This is all just because we are afraid of the T word. A uniform tariff and matching currency export control achieves the same effect, and doesn't impose US hegemony on the rest of the wrold.
If they would just close the loop holes that allow things like having Apple, setup a subsidiary that licenses its own stuff back to itself so it can move profits around the world ... you'd solve this problem.
Make a rule, if you own >50% of a company, you can't buy trademarks, patents, whatever from yourself.
They don't even have to close the loophole. Just tell the US Apple Corporation (as an example) they can't proceed in their current court cases, as they are not the 'owner' of the IP, they are merely a licensee. Let them fight it in the court systems of the country where the IP is actually in.
Right now, these companies get all the tax/financial protection of another country, but all the legal protection of the US.
Imagine the EPIC vs Apple Battle, if they had to try it in another country, or even better, in every country that 'licences' apple's IP.. Lots more chances for losing.
"Just close the loophole" to me sounds like "just fix the bugs" in an API used by every person in the country. That would be an enormous undertaking, not something you "just do". Most likely many benign people rely on particular combinations of these rules such that changing them might have terrible consequences for them. And some loopholes are likely similar combinations of rules, and removing those might create others unexpectedly.
An expert weighing in on the specifics would be nice, since I'm just speaking in vague generalities b/c I don't actually know the specifics, I can only compare it to my experiences in software.

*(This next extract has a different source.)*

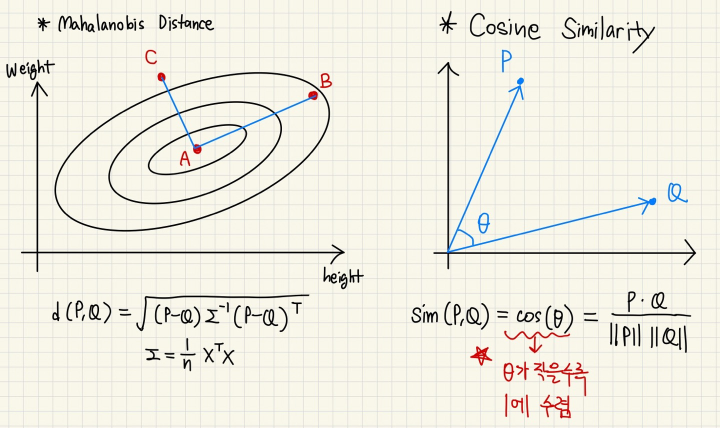 - Manhattan distance, Euclidean distance, Mahalanobis distance, Cosine similarity 계산 방식.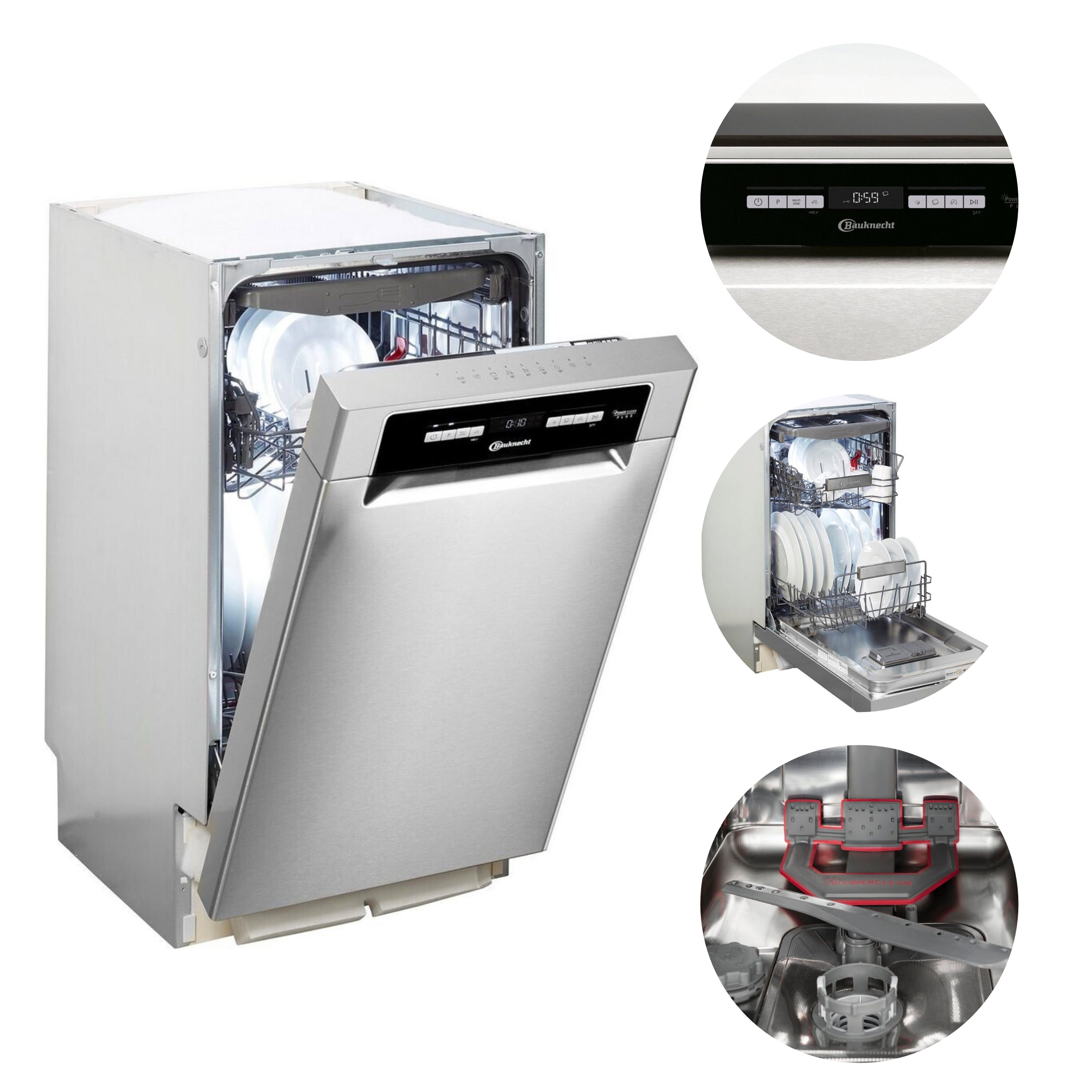 Zmywarka Bauknecht BSUO 3O21 PF | 45 cm | 41 dB | PowerClean | Inox

I'm also not arguing that it's not worth doing, just that it's probably not as easy as "just" doing it.
The problem isn't any specific rule or loophole, it's the immense complexity of the system. Removing the loophole they're using today doesn't fix the system, it just leads to corporations using other loopholes.
That's why putting in place a simple minimum tax is a good plan - if there's a complex system but an overarching rule that says regardless of any other rules, you must pay at minimum 15% of profits, then you at least can't avoid that minimum (I mean, except with clever classifications of what your profits are, but at least for the most part it's not feasible for most of the large companies, excepting some like Amazon, to claim that they make no profits).
It's very hard to avoid artificial self dealing between related entities. The OECD transfer pricing arm's length principle [0] is supposed to somewhat solve that.
The problem regarding transfer pricing is that the US, the Netherlands, Ireland, Luxemburg, plus most of the places generally reputed to be tax havens have holes in their law you can fly an Antonov AN-225 [1] through.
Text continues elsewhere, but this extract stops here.